RCR: Relative Compliance Ratio (BS of A / BS of B)

Bar graph of bending stiffness (BS) from the 5 different types of electrodes tested. The values of relative compliance ratio (RCR) shown on the top of each bar are relative values to the reference BS of 50μm single wire (65.98). The theoretically calculated value of the BS of 50μm single Nichrome wire was 65.

As can be seen in figure 6, the RCR of 24 braided 12.7μm wires was 3.8, which means the braid has about 4 times better compliance than a single 50μm wire. The tested braids configurations all had between 4 and 21 times better compliance than the single 50μm wire. Since the outer diameter of a tubular braid is roughly 150-200μm and a braid consists of up to 24 12.7μm wires whose diameter is only four times smaller than a 50μm single wire, the tubular braid structure greatly increases the flexibility of the bundle. The bending stiffness of braids with 24 wires is roughly 3 times that of equivalent braids with 12 wires, whereas the BS of braids with 12.7μm wires is roughly 1.7 times that of equivalent braids with 9.6μm wires. In the case of 50μm wires, the theoretical, calculated value roughly matched the measured value.
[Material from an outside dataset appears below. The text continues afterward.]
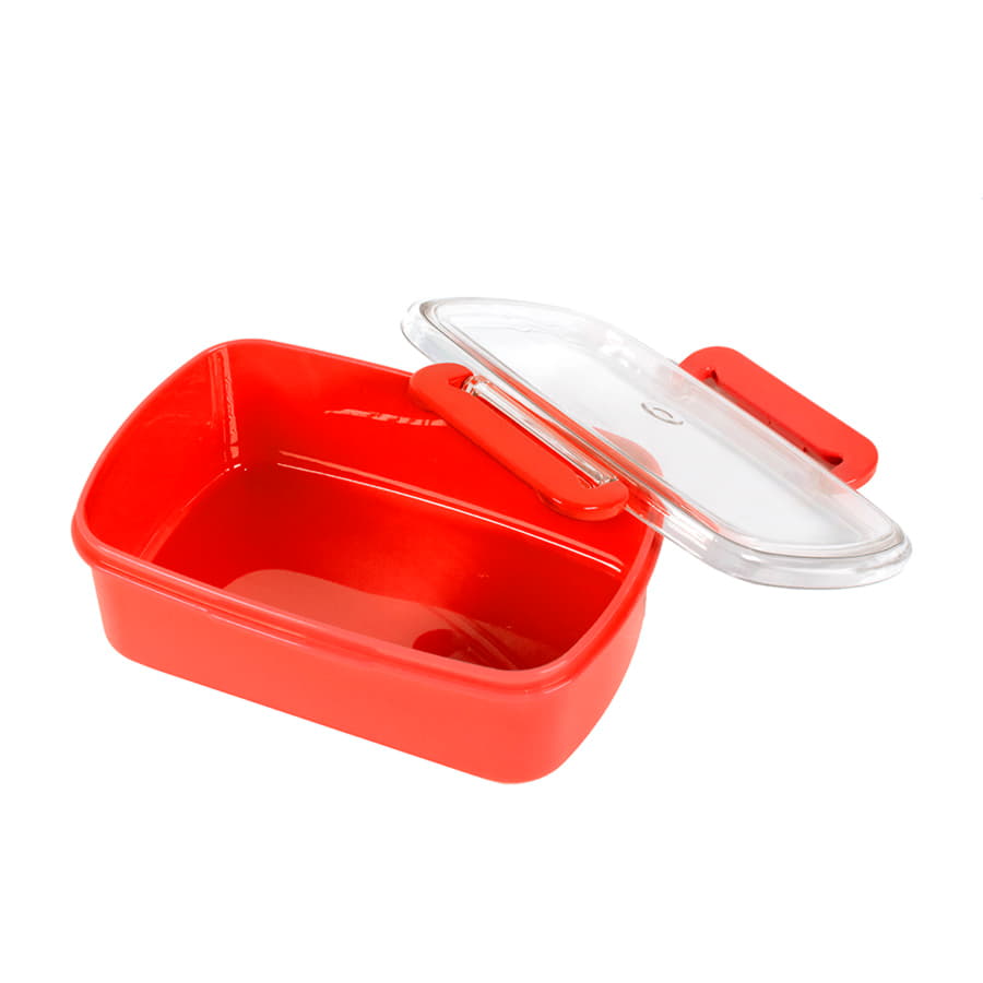 Ланч-бокс с прозрачной крышкой. Не герметичный. Подходит для использования в микровоолновой печи (со снятой крышкой), в посудомоечной машине, в морозильной камере. Цвет близкий к Pantone 179C Корпус выполнен из PP-пластика. BPA-free (не содержит бисфенол А). -

Bending forces of the tether at 3 different lengths by 500μm lateral deflection (a) The graph shows the whole scale including the result from 50μm single wire. (b) Relative force ratio (RFR) from the result in (a). At 10mm, only the sample of 12.7μm × 24 braided wires has the value by the different deflection. Other samples don’t have the RFR values at 10mm because they were not measurable. The values in red color are results by different lateral deflections other than 500μm.

3.1.2. Bending forces of tethers with lateral bending

Bending forces (BFs) were used here to compare compliances since they are related to compliance and do not depend on wire arrangement in the tether. We did not calculate bending stiffness because beam theory was not an applicable approximation in the unbraided portion of the braid. In case of the 50μm single wire, only the BS for the 5 mm sample was measured. The BFs of all other lengths were calculated via equation (2) using the measured BS of the 5mm sample.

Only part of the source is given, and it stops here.